We can argue over Harris's political talents (though based on recent events, we should be able to put an X through the "voters won't respond to her" argument), but the idea that she was so terrible that we should have passed over the legitimate successor who clearly had the support of Democratic primary voters in the process alienating to of the key pillars of the Democratic base was never based on the facts. It was based on a story that the most influential people in journalism told themselves. Just like the idea that Ron DeSantis was a gifted politician was based on a story those same people told themselves. Just like the idea that abortion would not become a major political factor after Dobbs or that Donald Trump would just go away and leave us alone after 2021 were based on stories these people told themselves.

From a sociological standpoint, the rapid convergence on these narratives and their remarkable persistence is a fascinating topic. From a functioning democracy stand, having the discourse shaped by herd mentality and hubris, overseen by people who are frequently wrong but never in doubt is insane.

Monday, July 29, 2024

Haberman and Swan being suckered by the Trump campaign's failed bluff is the schadenfreude cherry on top

While the New York Times is not as influential as it used to be, it still has a big direct impact and an even bigger indirect impact on the discourse. Along with a handful of other major players such as Politico, it largely sets the narratives that drive the majority of mainstream media coverage. If for no other reason, that makes it important to keep an eye on the paper, particularly when it starts getting just a bit revisionist.

 

One of the most notable and talked about aspects of the aftermath of Biden stepping down was how completely unprepared the Republicans seem to be for what was a widely anticipated turn of events.
From TPM:

It was a cacophony of a reaction from one man, but it’s reflective of the broader response on the far right to Harris becoming the likely Democratic nominee. In the hours after Biden announced that he would withdraw, Republicans from Trump on down flailed for a response. Some Republicans expressed anger, while others were visibly baffled by how to react to the shift. Many reacted by suggesting that the shift from Biden to Harris itself was illegitimate, calling the President’s withdrawal from the race a “coup” and proclaiming that they’re actually running against a system, not a candidate.
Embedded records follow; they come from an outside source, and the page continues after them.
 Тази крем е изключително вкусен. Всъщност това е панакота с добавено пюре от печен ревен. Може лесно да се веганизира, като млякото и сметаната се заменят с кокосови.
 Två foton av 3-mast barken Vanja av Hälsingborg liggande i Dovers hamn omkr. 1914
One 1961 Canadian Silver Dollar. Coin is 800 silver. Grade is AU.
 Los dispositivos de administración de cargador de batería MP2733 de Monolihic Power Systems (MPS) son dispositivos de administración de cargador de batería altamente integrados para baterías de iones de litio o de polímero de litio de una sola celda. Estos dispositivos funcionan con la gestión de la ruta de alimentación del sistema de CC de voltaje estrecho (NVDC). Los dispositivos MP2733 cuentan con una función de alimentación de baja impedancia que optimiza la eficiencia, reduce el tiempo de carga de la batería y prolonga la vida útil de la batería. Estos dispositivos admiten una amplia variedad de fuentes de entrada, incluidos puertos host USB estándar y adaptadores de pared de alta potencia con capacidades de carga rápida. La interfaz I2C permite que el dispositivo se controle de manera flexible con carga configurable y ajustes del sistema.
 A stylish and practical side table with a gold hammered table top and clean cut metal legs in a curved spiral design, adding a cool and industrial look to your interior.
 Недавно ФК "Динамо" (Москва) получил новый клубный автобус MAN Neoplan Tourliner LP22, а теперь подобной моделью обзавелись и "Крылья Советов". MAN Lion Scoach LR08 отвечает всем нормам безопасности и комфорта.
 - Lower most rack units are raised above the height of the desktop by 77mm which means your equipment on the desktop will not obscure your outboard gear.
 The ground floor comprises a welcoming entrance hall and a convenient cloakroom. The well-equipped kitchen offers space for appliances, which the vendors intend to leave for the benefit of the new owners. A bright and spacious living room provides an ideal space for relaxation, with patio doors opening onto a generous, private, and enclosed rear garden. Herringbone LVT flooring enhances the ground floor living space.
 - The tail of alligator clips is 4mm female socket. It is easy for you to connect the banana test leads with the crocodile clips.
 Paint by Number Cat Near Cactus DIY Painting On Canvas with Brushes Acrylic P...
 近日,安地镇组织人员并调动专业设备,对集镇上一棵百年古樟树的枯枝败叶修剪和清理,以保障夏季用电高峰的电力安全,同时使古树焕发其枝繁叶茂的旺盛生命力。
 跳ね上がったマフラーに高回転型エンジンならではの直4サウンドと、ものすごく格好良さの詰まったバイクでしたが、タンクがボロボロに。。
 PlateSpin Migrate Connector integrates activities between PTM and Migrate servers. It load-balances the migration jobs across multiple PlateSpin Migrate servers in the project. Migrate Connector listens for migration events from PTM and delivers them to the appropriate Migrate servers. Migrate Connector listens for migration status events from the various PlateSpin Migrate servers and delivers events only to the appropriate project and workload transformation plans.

Trump’s own communications staff seemed caught off guard. Jason Miller, who has helped helm Trump’s PR apparatus since 2016, announced on NBC on Sunday that he had identified a core Harris vulnerability: “She wants to ban plastic straws.”

Sean Hannity, the Fox News host and longtime friend of Trump, appeared to take the cue. In his Sunday evening broadcast, Hannity reminded his audience that Harris had committed to banning the straws, before proclaiming: “I love my plastic straws. I hate paper straws.”

He used that as part of a broader effort during his hour to depict Harris as a far-left radical, as hell-bent on banning the plastic straws cherished by all freedom-loving Americans as she is on joining with Sen. Bernie Sanders (I-VT) to enslave Americans in “socialized” health care. Harris, Hannity said, co-sponsored Sanders’ Medicare-for-All bill.

On the non-straw front, Stephen Miller sputtered to Laura Ingraham Sunday night about the unfairness of it all.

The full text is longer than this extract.